Помимо того, есть журналистский долг и профессиональный кодекс чести, призывающие нас громко заявить о недопустимости дальнейшего пренебрежения в Италии к розыску нашего товарища. Почему уже 33 дня подряд не торопятся найти человека ни власти Италии, ни полиция, ни голосистые в других случаях политические и общественные деятели? В последние дни умолкла и итальянская печать. В связи с этим стоит напомнить зарубежной буржуазной прессе, как она бросается яростно отстаивать без разбора всех ее заграничных корреспондентов, даже если те уличены в неприглядных или попросту противозаконных делах.
Где же их хваленая приверженность заботе о «правах человека»?
И все-таки, положа руку на сердце, эта, сыгравшая такую неоплатную роль в моей судьбе статья вызывает сегодня не только благодарность, но и легкое раздражение. Я позволил себе сократить ее на один абзац, однако дело не в нем. Вроде бы все как было изначально, так и осталось, а текст словно подернулся окалиной и воспринимается с усилием.

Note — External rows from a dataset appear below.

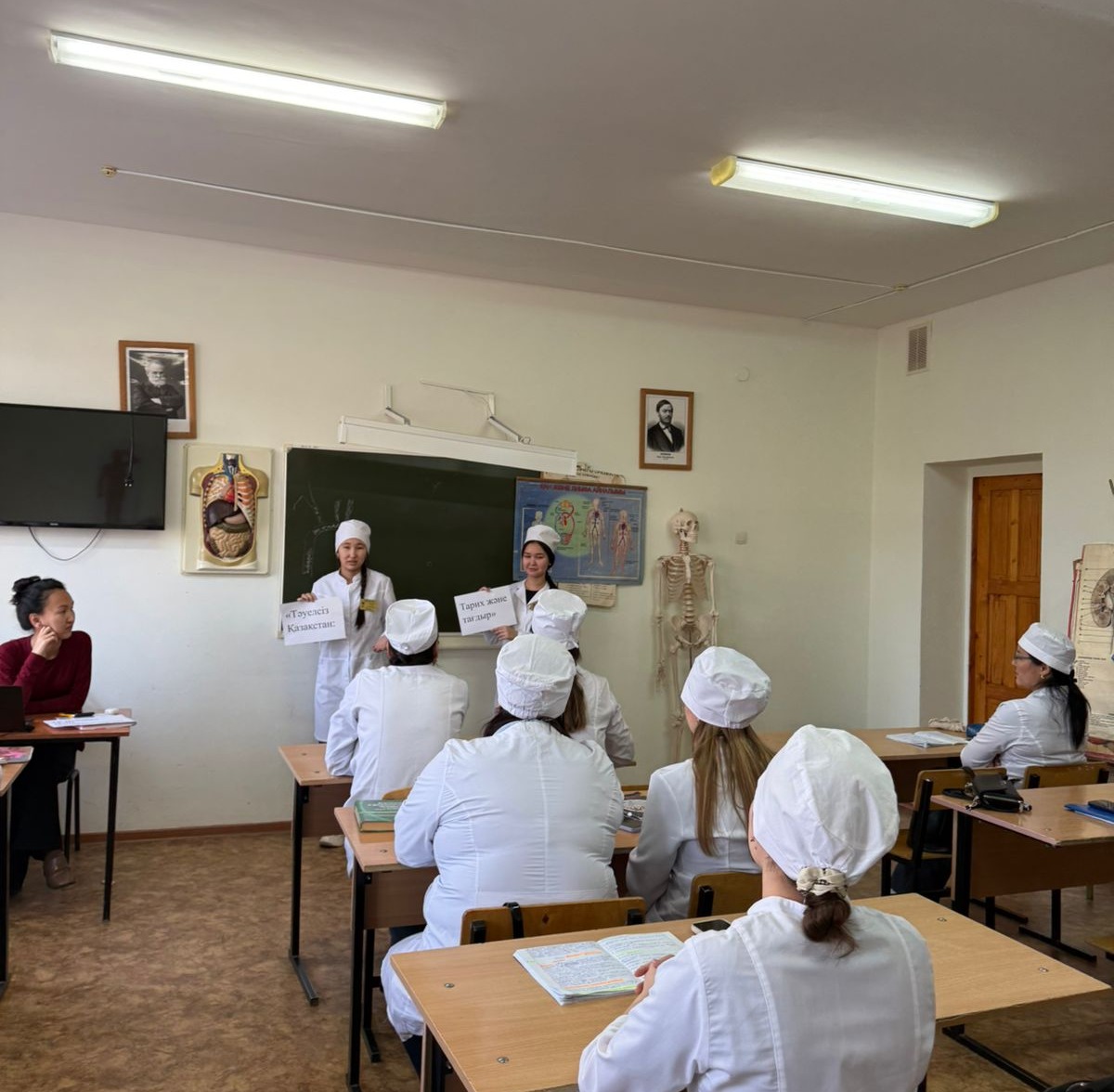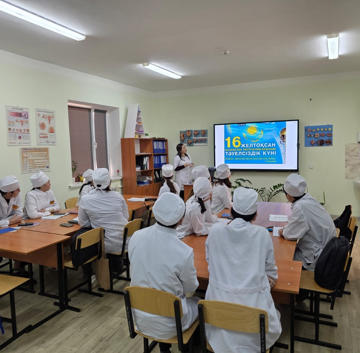 Цель воспитательного часа – формирование у студентов патриотических чувств, воспитание любви к Родине, углублённое понимание истории пути Казахстана к независимости, развитие активной гражданской позиции и ответственности за судьбу страны, уважение к государственным символам, национальным ценностям и традициям, а также воспитание сознательной, ответственной и духовно развитой молодёжи.
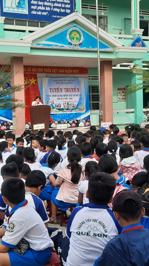 Liên đội trường Tiểu học Hương An phối hợp với Công an xã Xuân Phú đã tổ chức buổi ngoại khóa với nội dung tuyên truyền Luật giao thông đường bộ cho các em học sinh trường Tiểu học Hương An.
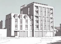 These proposals show a part four storey, part five storey building and seven storey building with 43 units and 27 car parking spaces.
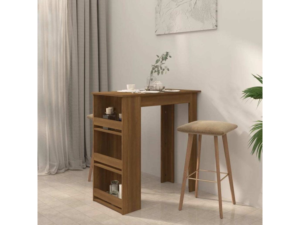 Barový stůl je vybavený 3 úložnými poličkami a poskytuje dostatek prostoru pro uložení lahví vína nebo jiných předmětů. Jeho konstrukce je odolná, stabilní a snadno se čistí.
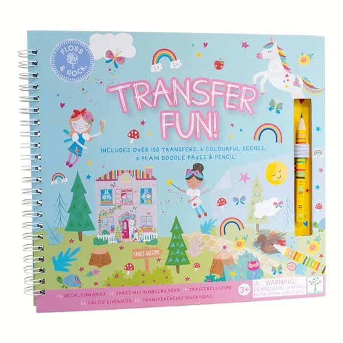 Os Transfers vêm com mais de 150 transferências temáticas brilhantes, 6 cenas coloridas para colocá-las, 6 páginas em branco para fazer desenhos e um lápis Floss & Rock.

Почему?
Думаю, разгадка в том, что за эти годы мы привыкли доверять читателю неизмеримо больше, чем доверяли тогда. Раздражает не суть статьи, а лишние слова, повторы, преследующие единственную цель — «вдолбить» читателю то, что он прекрасно понял бы и без повторов. Переписать бы статью заново, современным языком, — но нет, на это права я не имею.
ЙОРКШИР. НА ЧЬЕЙ ВЫ СТОРОНЕ, МИСТЕР МЁРФИ?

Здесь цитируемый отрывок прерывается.